On arrêta le prince, ses conseillers et leurs complices.  Tremblant, Ferdinand, futur roi, dénonça de lui-même les conjurés et donna tous les détails du complot.  Il montra la lettre qu’on l’avait obligée - disait-il - d’écrire à l’empereur.  Toutes ces révélations faites pour se sauver lui-même, et qui vouaient à une mort presque certaine ses complices, prouvaient chez Ferdinand un égoïsme et une lâcheté de caractère dont il donnera encore plus tard de nombreux témoignages.

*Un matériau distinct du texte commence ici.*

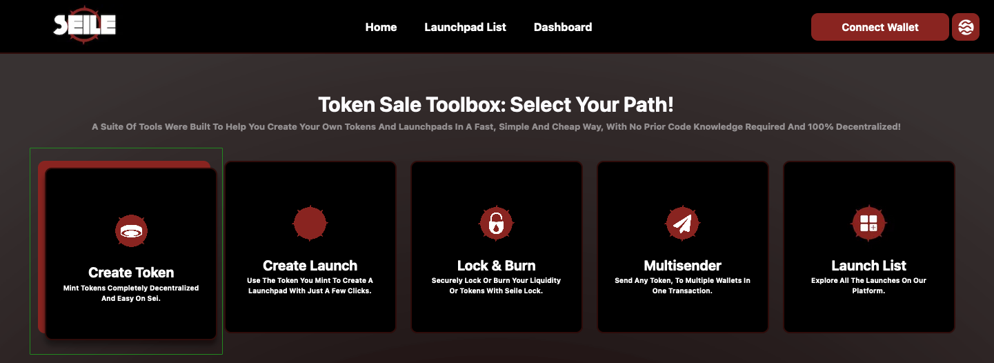 1. Press/select the "Create Token" button and you'll be redirected to this link: <https://seile.xyz/create/token>.

Seulement, cette lettre compromettante, qui aurait dû lui nuire davantage, ajouter une charge de plus, fut justement ce qui sauva le prince et ses amis.  En entendant prononcer le nom de Napoléon, la cour s’effraya.  On pensa que Ferdinand avait concerté des projets avec l’empereur et que l’appui de la France lui était assuré.  On évita le procès.  Les juges ne condamnèrent donc pas le prince des Asturies et, ses serviteurs furent simplement exilés.  Ferdinand écrivit deux lettres à ses parents demandant son pardon. 

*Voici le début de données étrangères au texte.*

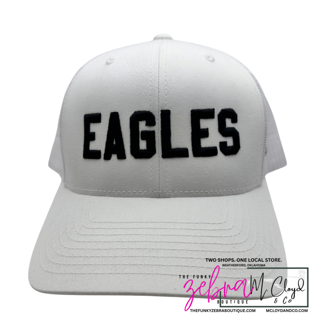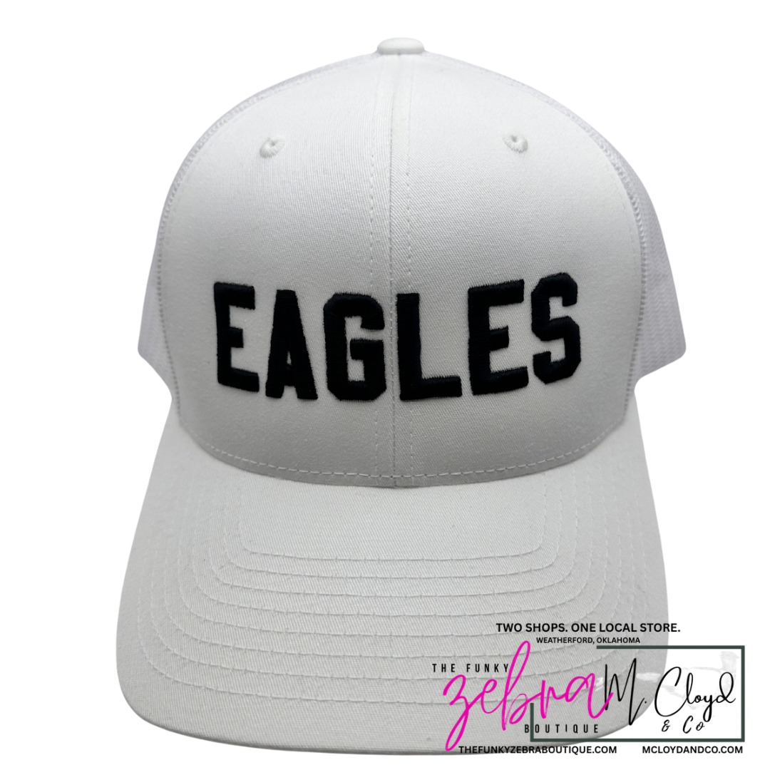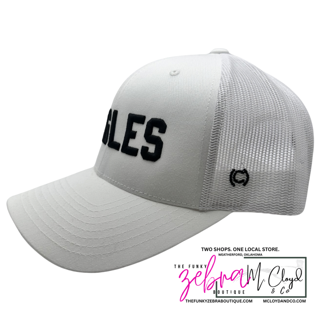 Custom Eagles raised 3D embroidery in black on a white mesh snapback hat.

«  Sire, mon papa, j’ai failli, j’ai manqué à votre Majesté en qualité de roi et de père ; mais je me repens, et j’offre à V.M l’obéissance la plus humble.  Je ne devais rien faire sans son assentiment ; mais ma religion a été surprise.  J’ai dénoncé les coupables, et je demande à V.M. qu’elle me pardonne de lui avoir menti… » 

Trop heureux de porter un coup au parti de Ferdinand, on publia la lettre du repentant.

Ferdinand, prince des Asturies

C’est dans ce prince de vingt-quatre ans, qui plus tard portera la couronne d’Espagne que le peuple espagnol plaçait son espérance.  Quelques mois après avoir écrit ces mots, Ferdinand recommençait. 
Malgré un prince qui trahit ses amis et demande pardon, l’Espagne n’ouvrit pas les yeux.  Le peuple continua de fonder ses espérances dans ce prince indigne de lui. 
 
Quant à L’empereur, il ne vit dans cet événement qu’une méprisable intrigue de cour, mais exigea que, dans la procédure instruite contre les serviteurs de Ferdinand, il ne fût mention ni de son ambassadeur, ni de la lettre du prince. 
Secrètement, Napoléon triomphait des discordes qui divisaient la cour d’Espagne.